WHAT TO DO: Your output should be everything below from the line containing "거리 함수(d)가 주어지면" down to the line containing "Základem shotu je", both ends included, copied exactly, with pictures left out.

START DATA SECTION

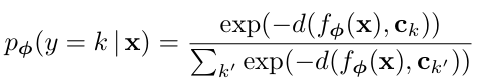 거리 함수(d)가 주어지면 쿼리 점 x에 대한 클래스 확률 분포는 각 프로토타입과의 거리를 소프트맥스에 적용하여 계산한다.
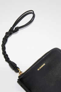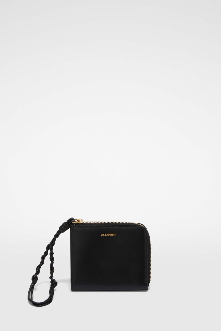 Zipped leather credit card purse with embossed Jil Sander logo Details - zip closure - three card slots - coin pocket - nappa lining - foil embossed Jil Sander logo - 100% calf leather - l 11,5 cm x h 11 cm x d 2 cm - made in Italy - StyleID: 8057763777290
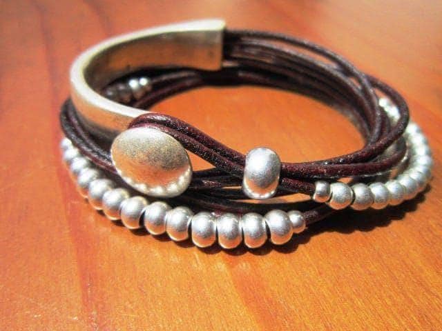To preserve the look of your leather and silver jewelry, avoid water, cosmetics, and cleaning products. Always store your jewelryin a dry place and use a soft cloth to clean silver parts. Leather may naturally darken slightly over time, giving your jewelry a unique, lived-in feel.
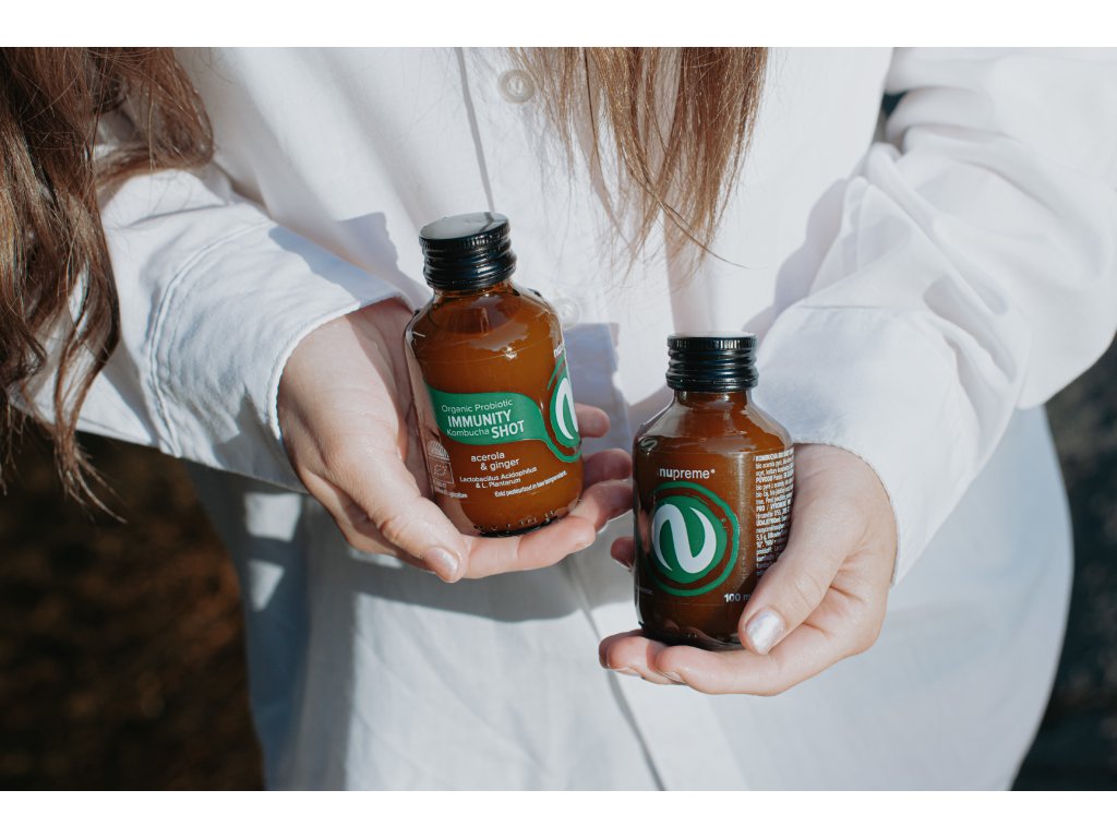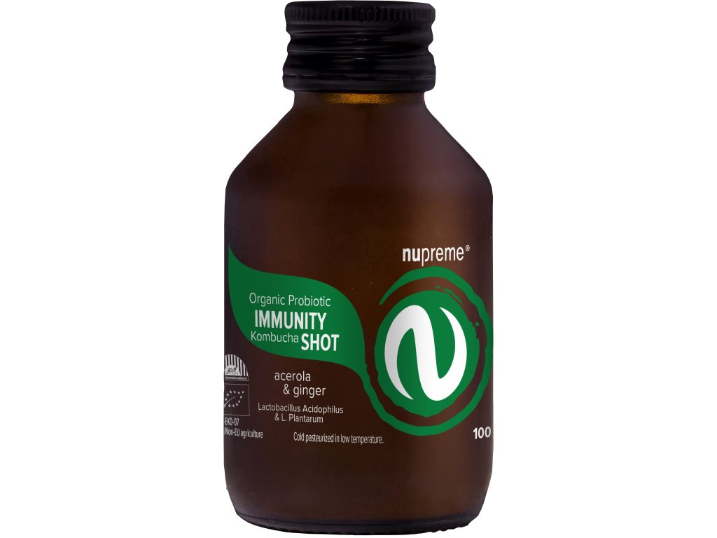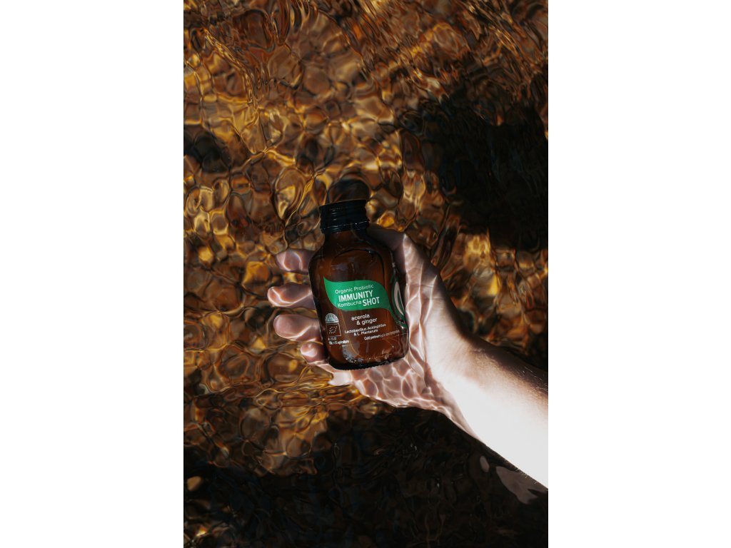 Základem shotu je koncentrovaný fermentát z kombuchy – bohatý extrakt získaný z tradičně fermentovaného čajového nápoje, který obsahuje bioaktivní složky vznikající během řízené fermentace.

END DATA SECTION
START DATA SECTION

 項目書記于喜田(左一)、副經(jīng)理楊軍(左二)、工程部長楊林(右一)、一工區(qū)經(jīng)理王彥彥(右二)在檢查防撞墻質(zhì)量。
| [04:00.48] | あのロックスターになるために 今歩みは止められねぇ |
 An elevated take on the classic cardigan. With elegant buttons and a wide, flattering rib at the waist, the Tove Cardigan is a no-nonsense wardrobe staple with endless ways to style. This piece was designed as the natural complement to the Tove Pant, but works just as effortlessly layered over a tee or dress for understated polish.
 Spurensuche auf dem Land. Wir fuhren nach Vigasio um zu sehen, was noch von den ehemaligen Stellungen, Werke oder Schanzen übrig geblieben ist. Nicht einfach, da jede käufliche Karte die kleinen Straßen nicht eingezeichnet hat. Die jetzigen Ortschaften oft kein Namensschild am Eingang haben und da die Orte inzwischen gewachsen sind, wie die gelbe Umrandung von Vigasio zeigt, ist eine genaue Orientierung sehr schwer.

END DATA SECTION
START DATA SECTION

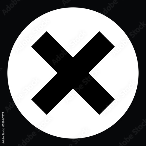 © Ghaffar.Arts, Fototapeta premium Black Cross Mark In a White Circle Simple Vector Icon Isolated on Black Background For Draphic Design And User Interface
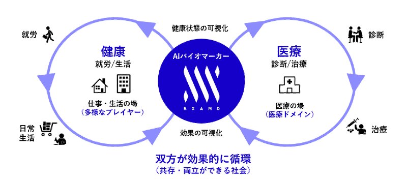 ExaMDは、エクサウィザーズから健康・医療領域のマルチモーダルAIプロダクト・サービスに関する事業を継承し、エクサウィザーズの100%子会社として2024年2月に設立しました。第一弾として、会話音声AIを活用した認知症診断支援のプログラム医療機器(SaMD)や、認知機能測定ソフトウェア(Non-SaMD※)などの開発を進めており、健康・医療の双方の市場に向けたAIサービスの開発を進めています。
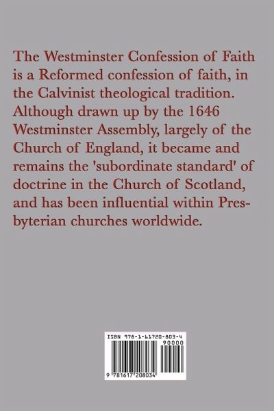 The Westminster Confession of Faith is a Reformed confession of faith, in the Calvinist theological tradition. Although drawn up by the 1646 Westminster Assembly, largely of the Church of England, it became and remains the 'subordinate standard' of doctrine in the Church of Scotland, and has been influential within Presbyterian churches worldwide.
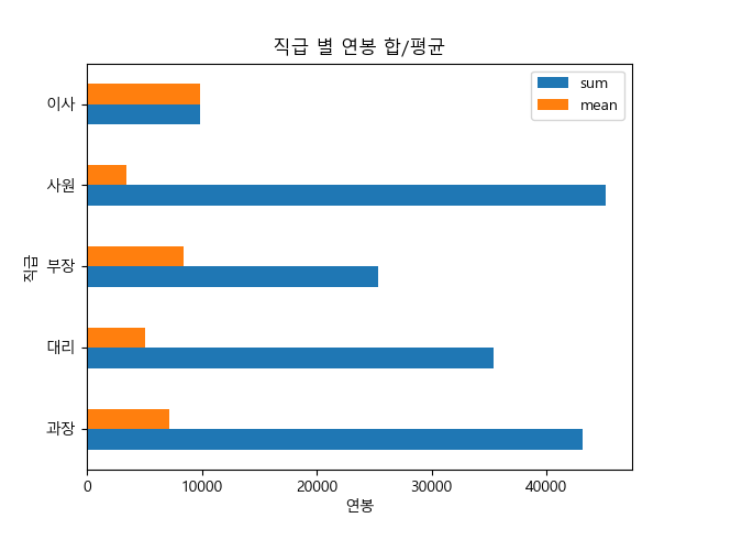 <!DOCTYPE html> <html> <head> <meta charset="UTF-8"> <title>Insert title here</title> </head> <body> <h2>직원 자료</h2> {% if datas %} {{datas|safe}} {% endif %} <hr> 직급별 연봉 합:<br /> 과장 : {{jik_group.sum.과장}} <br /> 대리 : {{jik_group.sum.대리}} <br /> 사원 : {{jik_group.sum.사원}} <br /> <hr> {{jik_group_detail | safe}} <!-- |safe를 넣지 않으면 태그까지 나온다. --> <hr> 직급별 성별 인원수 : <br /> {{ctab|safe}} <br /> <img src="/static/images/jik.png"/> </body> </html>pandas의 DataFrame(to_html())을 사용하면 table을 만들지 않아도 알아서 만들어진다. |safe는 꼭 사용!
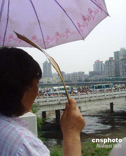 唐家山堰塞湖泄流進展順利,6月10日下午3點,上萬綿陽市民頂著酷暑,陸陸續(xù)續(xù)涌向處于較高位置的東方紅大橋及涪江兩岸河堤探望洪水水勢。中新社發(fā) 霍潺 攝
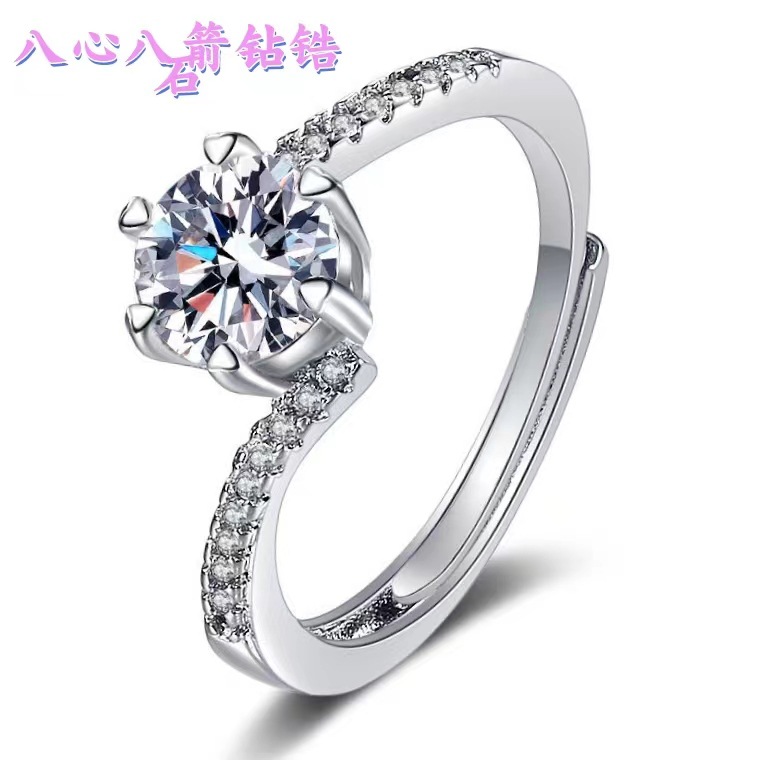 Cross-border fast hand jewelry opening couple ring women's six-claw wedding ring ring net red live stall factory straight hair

END DATA SECTION

OUTPUT BELOW:
 거리 함수(d)가 주어지면 쿼리 점 x에 대한 클래스 확률 분포는 각 프로토타입과의 거리를 소프트맥스에 적용하여 계산한다.
 Zipped leather credit card purse with embossed Jil Sander logo Details - zip closure - three card slots - coin pocket - nappa lining - foil embossed Jil Sander logo - 100% calf leather - l 11,5 cm x h 11 cm x d 2 cm - made in Italy - StyleID: 8057763777290
To preserve the look of your leather and silver jewelry, avoid water, cosmetics, and cleaning products. Always store your jewelryin a dry place and use a soft cloth to clean silver parts. Leather may naturally darken slightly over time, giving your jewelry a unique, lived-in feel.
 Základem shotu je koncentrovaný fermentát z kombuchy – bohatý extrakt získaný z tradičně fermentovaného čajového nápoje, který obsahuje bioaktivní složky vznikající během řízené fermentace.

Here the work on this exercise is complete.